__RECORDS FOR THIS EXERCISE__.
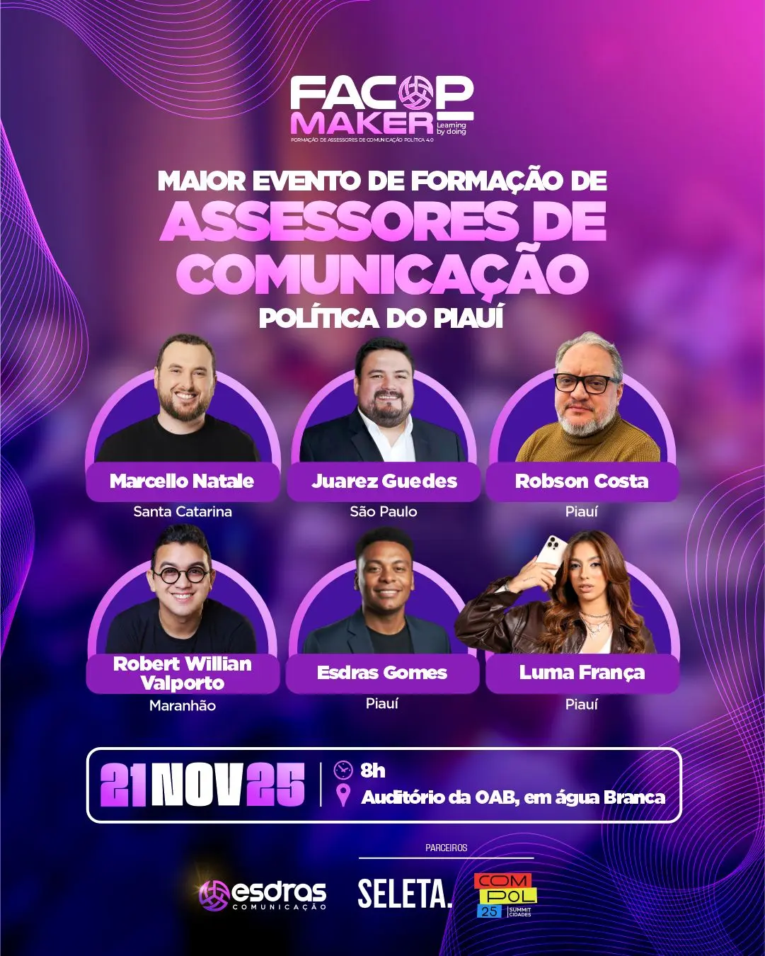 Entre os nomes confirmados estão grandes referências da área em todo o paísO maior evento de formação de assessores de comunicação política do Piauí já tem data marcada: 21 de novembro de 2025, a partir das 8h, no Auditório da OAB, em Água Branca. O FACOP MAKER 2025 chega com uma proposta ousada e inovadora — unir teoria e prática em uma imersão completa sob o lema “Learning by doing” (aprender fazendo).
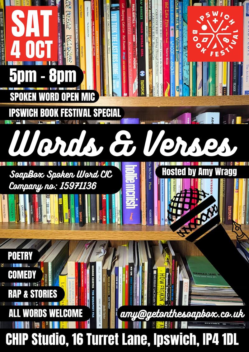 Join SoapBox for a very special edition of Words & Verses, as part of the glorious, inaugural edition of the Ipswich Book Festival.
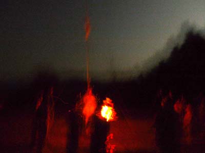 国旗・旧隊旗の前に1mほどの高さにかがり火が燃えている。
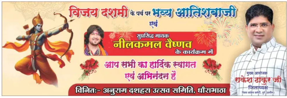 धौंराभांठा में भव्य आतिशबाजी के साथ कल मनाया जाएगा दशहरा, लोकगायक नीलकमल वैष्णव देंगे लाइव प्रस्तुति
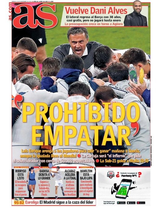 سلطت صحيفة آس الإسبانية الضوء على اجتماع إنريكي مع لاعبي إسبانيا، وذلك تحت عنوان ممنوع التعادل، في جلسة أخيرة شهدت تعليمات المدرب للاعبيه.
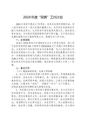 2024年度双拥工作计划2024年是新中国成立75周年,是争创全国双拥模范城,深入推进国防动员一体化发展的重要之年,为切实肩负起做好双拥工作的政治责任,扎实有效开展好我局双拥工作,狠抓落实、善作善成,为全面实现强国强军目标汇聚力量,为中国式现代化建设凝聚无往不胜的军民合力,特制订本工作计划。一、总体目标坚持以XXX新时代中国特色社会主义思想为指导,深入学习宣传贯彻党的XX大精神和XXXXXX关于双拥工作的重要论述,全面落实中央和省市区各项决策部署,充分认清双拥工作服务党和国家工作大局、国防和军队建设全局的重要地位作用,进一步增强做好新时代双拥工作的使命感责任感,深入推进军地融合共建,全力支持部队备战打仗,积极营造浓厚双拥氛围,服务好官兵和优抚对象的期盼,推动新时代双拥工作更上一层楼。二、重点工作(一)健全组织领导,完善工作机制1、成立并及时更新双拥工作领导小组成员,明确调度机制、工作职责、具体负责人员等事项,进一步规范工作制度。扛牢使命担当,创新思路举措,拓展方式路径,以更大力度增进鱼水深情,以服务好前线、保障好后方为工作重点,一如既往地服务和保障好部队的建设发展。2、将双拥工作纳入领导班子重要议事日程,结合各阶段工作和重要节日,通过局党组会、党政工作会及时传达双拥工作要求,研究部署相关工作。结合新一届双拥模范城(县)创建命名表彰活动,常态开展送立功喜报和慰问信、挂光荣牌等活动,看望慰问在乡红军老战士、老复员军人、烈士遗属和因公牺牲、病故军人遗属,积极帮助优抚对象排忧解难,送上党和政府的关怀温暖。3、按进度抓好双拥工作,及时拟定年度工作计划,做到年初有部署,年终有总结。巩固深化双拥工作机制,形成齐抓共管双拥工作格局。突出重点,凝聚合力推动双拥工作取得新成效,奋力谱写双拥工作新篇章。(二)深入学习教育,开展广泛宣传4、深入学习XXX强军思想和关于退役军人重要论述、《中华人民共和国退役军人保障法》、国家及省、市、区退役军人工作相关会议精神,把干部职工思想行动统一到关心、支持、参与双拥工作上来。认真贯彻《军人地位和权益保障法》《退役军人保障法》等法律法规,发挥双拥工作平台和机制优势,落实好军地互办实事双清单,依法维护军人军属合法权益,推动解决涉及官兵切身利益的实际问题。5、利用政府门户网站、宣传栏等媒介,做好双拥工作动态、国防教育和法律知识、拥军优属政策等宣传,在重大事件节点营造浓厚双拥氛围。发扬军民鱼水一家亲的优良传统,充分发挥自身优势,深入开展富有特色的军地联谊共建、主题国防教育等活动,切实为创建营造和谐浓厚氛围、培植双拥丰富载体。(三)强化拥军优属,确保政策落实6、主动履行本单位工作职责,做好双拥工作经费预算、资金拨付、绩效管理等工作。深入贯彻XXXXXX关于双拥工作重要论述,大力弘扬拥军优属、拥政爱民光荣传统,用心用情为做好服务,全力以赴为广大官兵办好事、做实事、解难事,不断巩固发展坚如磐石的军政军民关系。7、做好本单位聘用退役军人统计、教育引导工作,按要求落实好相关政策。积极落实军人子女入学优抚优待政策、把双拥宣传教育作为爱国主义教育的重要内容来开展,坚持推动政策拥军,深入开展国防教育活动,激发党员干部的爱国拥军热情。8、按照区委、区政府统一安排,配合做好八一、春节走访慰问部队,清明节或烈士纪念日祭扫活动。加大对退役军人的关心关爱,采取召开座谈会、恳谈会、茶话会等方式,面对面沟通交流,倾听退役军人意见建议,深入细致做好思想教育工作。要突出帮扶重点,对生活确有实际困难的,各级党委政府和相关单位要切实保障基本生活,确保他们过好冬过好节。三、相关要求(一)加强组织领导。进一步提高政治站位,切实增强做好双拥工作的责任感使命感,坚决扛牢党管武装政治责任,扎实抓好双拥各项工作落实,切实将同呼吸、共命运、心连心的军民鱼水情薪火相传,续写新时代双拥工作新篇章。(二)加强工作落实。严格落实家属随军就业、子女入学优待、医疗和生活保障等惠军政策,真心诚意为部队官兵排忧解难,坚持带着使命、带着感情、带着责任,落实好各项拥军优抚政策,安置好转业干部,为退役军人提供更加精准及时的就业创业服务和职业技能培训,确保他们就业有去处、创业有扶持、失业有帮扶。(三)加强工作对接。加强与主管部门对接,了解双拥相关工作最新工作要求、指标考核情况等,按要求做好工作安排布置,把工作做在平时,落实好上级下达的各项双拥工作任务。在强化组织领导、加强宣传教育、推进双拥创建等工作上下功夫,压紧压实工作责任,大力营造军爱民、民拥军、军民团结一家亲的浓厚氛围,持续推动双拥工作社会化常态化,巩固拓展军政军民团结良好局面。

---

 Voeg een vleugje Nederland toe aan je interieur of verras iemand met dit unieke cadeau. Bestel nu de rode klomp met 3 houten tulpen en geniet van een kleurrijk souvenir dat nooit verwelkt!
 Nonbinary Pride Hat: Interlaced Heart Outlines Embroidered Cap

__AIM OF THE EXERCISE__. Would you copy out, exactly and with no pictures, only the lines above from the one that contains "धौंराभांठा में भव्य" through the one that contains "سلطت صحيفة آس"?

__PROBLEM SOLUTION__.
 धौंराभांठा में भव्य आतिशबाजी के साथ कल मनाया जाएगा दशहरा, लोकगायक नीलकमल वैष्णव देंगे लाइव प्रस्तुति
 سلطت صحيفة آس الإسبانية الضوء على اجتماع إنريكي مع لاعبي إسبانيا، وذلك تحت عنوان ممنوع التعادل، في جلسة أخيرة شهدت تعليمات المدرب للاعبيه.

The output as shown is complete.